▶ **Data entries**
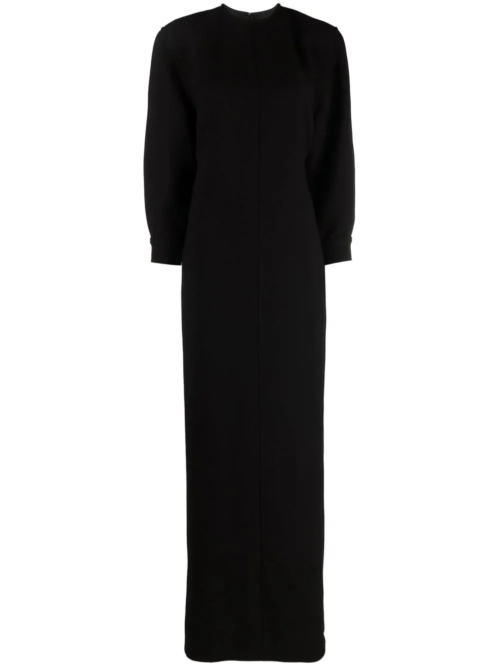 open-back maxi dress Highlights - Black - Wool/silk - Flared - Round neck - Rear tie fastening - Long sleeves - Buttoned cuffs - Rear slit - Maxi Made in Italy Composition Lining: Silk 100% Outer: Wool 100%, Acetate 52%, Viscose 48% SIZE & FIT Model measurements Height 5 ft 11 in(1.8 m) Bust/Chest 32.67 in(83 cm) Hips 36.22 in(92 cm) Waist 24.4 in(62 cm) Measurement HIPS 34.64 in(88 cm) LENGTH 65.35 in(166 cm) WAIST 28.34 in(72 cm) FittingInformation This piece fits true to size. We recommend you get your regular size Designed for a close fit at the bust, waist and hips Made with a mid-weight non-stretch fabric Washing instructions Dry Clean Only
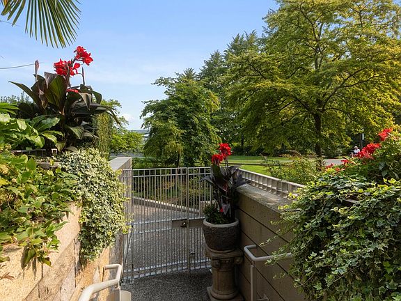 EXCLUSIVE WATERFRONT TOWNHOUSE AT BAYSHORE GARDENS II, JUST STEPS TO STANLEY PARK. Hard to believe this exists but it does! Imagine having your own private garden gate leading directly into parkland and onto the Seawall. You're surrounded by trees, away from the hustle and bustle, yet within easy walking distance of every imaginable amenity. Downsize without compromise, with 3 PARKING STALLS, 12' x 8' locker, and an incredible 1,300sf+ private patio/garden for your green thumb and your pets (2 dogs/cats). Tastefully renovated and laid out on just two levels, the expansive main floor flows seamlessly out onto the extraordinary outdoor space.The upper level enjoys exquisite park, marina and water views from the stunning primary suite, 2nd bedroom/office and lovely upper deck. SO SPECIAL!
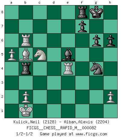 Last move : 1/2-1/2 2016 February 25 0:52:42 [Event "FICGS__CHESS__RAPID_M__000082"] [Site "FICGS"] [Date "2016.02.08"] [Round "1"] [White "Kulick,Neil"] [Black "Alban,Alexis"] [Result "1/2-1/2"] [WhiteElo "2128"] [BlackElo "2204"] 1.e4 c5 2.Nf3 d6 3.d4 cxd4 4.Nxd4 Nf6 5.Nc3 h6 6.Be3 a6 7.f3 e5 8.Nb3 Be6 9.Qd2 Nbd7 10.g4 b5 11.a4 b4 12.Nd5 Bxd5 13.exd5 Nb6 14.Bxb6 Qxb6 15.O-O-O g6 16.a5 Qb7 17.f4 Bg7 18.fxe5 dxe5 19.Nc5 Qa7 20.Nxa6 O-O 21.Qxb4 Qe3+ 22.Kb1 Nxd5 23.Qb3 Qxb3 24.cxb3 Ne3 25.Rd6 e4 26.Bb5 Be5 27.Rb6 Nxg4 28.b4 Rad8 29.Re1 Rd4 30.Nc5 Rxb4 31.Rxe4 1/2-1/2 Sicilian Queenside Castling by player White (move 15) Kingside Castling by player Black (move 20) This chess game ended in a draw. Follow this game move after move (download)You must take your opponent into a deep dark forest where 2+2=5, and the path leading out is only wide enough for one. (Mikhail Tal) Viele Opfer benötigen überhaupt keine konkrete Berechnung. Es genügt sich die entstehende Position kurz vorzustellen, um uns davon zu überzeugen, dass das Opfer korrekt ist. (Mikhail Nekhemyevich Tal) En partidas rápidas, el Caballo es mas poderoso que el Alfil. (Vlastimil Hort) Pour moi, les échecs ne sont pas un jeu mais un art. (Alexandre Alekhine) Difficult things take a long time, impossible things a little longer. (Author unknown)
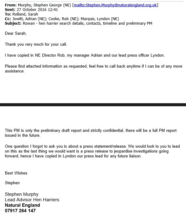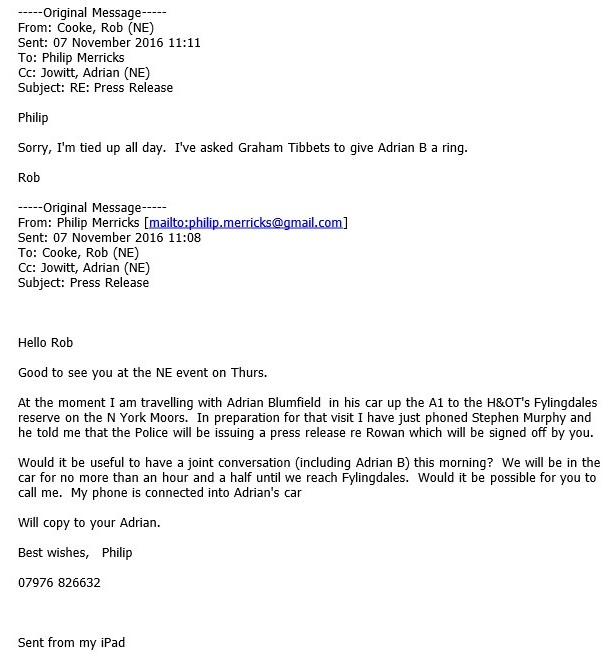 Four days later, on 7 November, Philip Merricks (Hawk & Owl Trust) wrote to Rob Cooke (Natural England) asking for a telephone conversation between Rob Cooke, Philip Merricks, Adrian Blumfield (Chief Operating Officer, Hawk & Owl Trust) to discuss the imminent Police press release about Rowan “which will be signed off by” Rob Cooke. Rob Cooke replied and said he would ask Graham Tibbetts (NE’s Head of Media) to make contact with Adrian Blumfield:
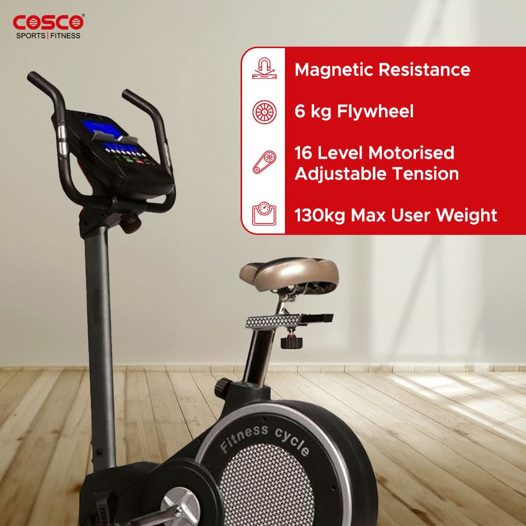 What’s more? It also comes with a 6kg flywheel. It has a 130kg user weight capacity and 16 Level Motorised Adjustable Tension to provide fun and challenging workouts. It also has a stunning LCD display indicating Speed, Calories, Pulse and Distance etc. All this and more from a brand with 40 years of Consumer trust.
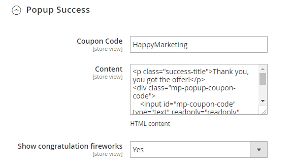 - Choose Yes to display fireworks when visitors register the email successfully.
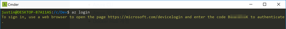 az login아래와 같은 메시지가 나올 경우 웹 브라우저를 이용해 로그인 절차를 마무리합니다.
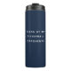 Funny modern thermal tumbler reading TEARS OF MY PICKLEBALL OPPONENTS in a trendy minimalist typography design on navy blue.
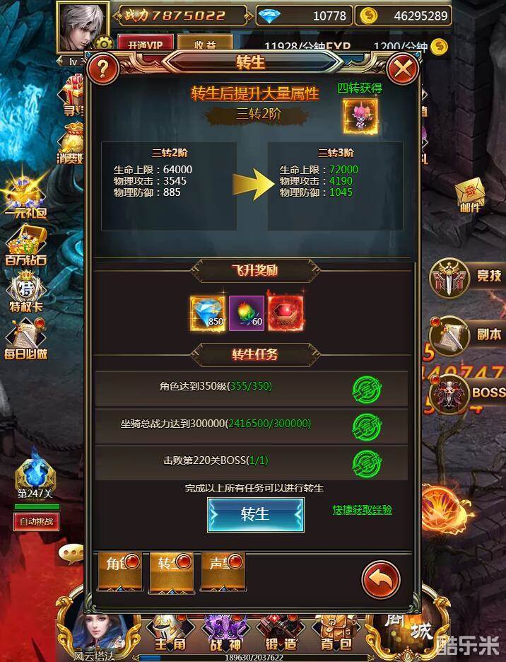 游戏中,系统会一直提示玩家有任务可以做,这个玩家一定要优先去完成,因为完成任务之后可以解锁各种强力内容,如翅膀、坐骑、转生等等,所以一定要第一时间完成。

▶ **Aim of the exercise**
Transcribe every line in the entries above, taking out only the images.

▶ **Completed task**
 open-back maxi dress Highlights - Black - Wool/silk - Flared - Round neck - Rear tie fastening - Long sleeves - Buttoned cuffs - Rear slit - Maxi Made in Italy Composition Lining: Silk 100% Outer: Wool 100%, Acetate 52%, Viscose 48% SIZE & FIT Model measurements Height 5 ft 11 in(1.8 m) Bust/Chest 32.67 in(83 cm) Hips 36.22 in(92 cm) Waist 24.4 in(62 cm) Measurement HIPS 34.64 in(88 cm) LENGTH 65.35 in(166 cm) WAIST 28.34 in(72 cm) FittingInformation This piece fits true to size. We recommend you get your regular size Designed for a close fit at the bust, waist and hips Made with a mid-weight non-stretch fabric Washing instructions Dry Clean Only
 EXCLUSIVE WATERFRONT TOWNHOUSE AT BAYSHORE GARDENS II, JUST STEPS TO STANLEY PARK. Hard to believe this exists but it does! Imagine having your own private garden gate leading directly into parkland and onto the Seawall. You're surrounded by trees, away from the hustle and bustle, yet within easy walking distance of every imaginable amenity. Downsize without compromise, with 3 PARKING STALLS, 12' x 8' locker, and an incredible 1,300sf+ private patio/garden for your green thumb and your pets (2 dogs/cats). Tastefully renovated and laid out on just two levels, the expansive main floor flows seamlessly out onto the extraordinary outdoor space.The upper level enjoys exquisite park, marina and water views from the stunning primary suite, 2nd bedroom/office and lovely upper deck. SO SPECIAL!
 Last move : 1/2-1/2 2016 February 25 0:52:42 [Event "FICGS__CHESS__RAPID_M__000082"] [Site "FICGS"] [Date "2016.02.08"] [Round "1"] [White "Kulick,Neil"] [Black "Alban,Alexis"] [Result "1/2-1/2"] [WhiteElo "2128"] [BlackElo "2204"] 1.e4 c5 2.Nf3 d6 3.d4 cxd4 4.Nxd4 Nf6 5.Nc3 h6 6.Be3 a6 7.f3 e5 8.Nb3 Be6 9.Qd2 Nbd7 10.g4 b5 11.a4 b4 12.Nd5 Bxd5 13.exd5 Nb6 14.Bxb6 Qxb6 15.O-O-O g6 16.a5 Qb7 17.f4 Bg7 18.fxe5 dxe5 19.Nc5 Qa7 20.Nxa6 O-O 21.Qxb4 Qe3+ 22.Kb1 Nxd5 23.Qb3 Qxb3 24.cxb3 Ne3 25.Rd6 e4 26.Bb5 Be5 27.Rb6 Nxg4 28.b4 Rad8 29.Re1 Rd4 30.Nc5 Rxb4 31.Rxe4 1/2-1/2 Sicilian Queenside Castling by player White (move 15) Kingside Castling by player Black (move 20) This chess game ended in a draw. Follow this game move after move (download)You must take your opponent into a deep dark forest where 2+2=5, and the path leading out is only wide enough for one. (Mikhail Tal) Viele Opfer benötigen überhaupt keine konkrete Berechnung. Es genügt sich die entstehende Position kurz vorzustellen, um uns davon zu überzeugen, dass das Opfer korrekt ist. (Mikhail Nekhemyevich Tal) En partidas rápidas, el Caballo es mas poderoso que el Alfil. (Vlastimil Hort) Pour moi, les échecs ne sont pas un jeu mais un art. (Alexandre Alekhine) Difficult things take a long time, impossible things a little longer. (Author unknown)
 Four days later, on 7 November, Philip Merricks (Hawk & Owl Trust) wrote to Rob Cooke (Natural England) asking for a telephone conversation between Rob Cooke, Philip Merricks, Adrian Blumfield (Chief Operating Officer, Hawk & Owl Trust) to discuss the imminent Police press release about Rowan “which will be signed off by” Rob Cooke. Rob Cooke replied and said he would ask Graham Tibbetts (NE’s Head of Media) to make contact with Adrian Blumfield:
 What’s more? It also comes with a 6kg flywheel. It has a 130kg user weight capacity and 16 Level Motorised Adjustable Tension to provide fun and challenging workouts. It also has a stunning LCD display indicating Speed, Calories, Pulse and Distance etc. All this and more from a brand with 40 years of Consumer trust.
 - Choose Yes to display fireworks when visitors register the email successfully.
 az login아래와 같은 메시지가 나올 경우 웹 브라우저를 이용해 로그인 절차를 마무리합니다.
 Funny modern thermal tumbler reading TEARS OF MY PICKLEBALL OPPONENTS in a trendy minimalist typography design on navy blue.
 游戏中,系统会一直提示玩家有任务可以做,这个玩家一定要优先去完成,因为完成任务之后可以解锁各种强力内容,如翅膀、坐骑、转生等等,所以一定要第一时间完成。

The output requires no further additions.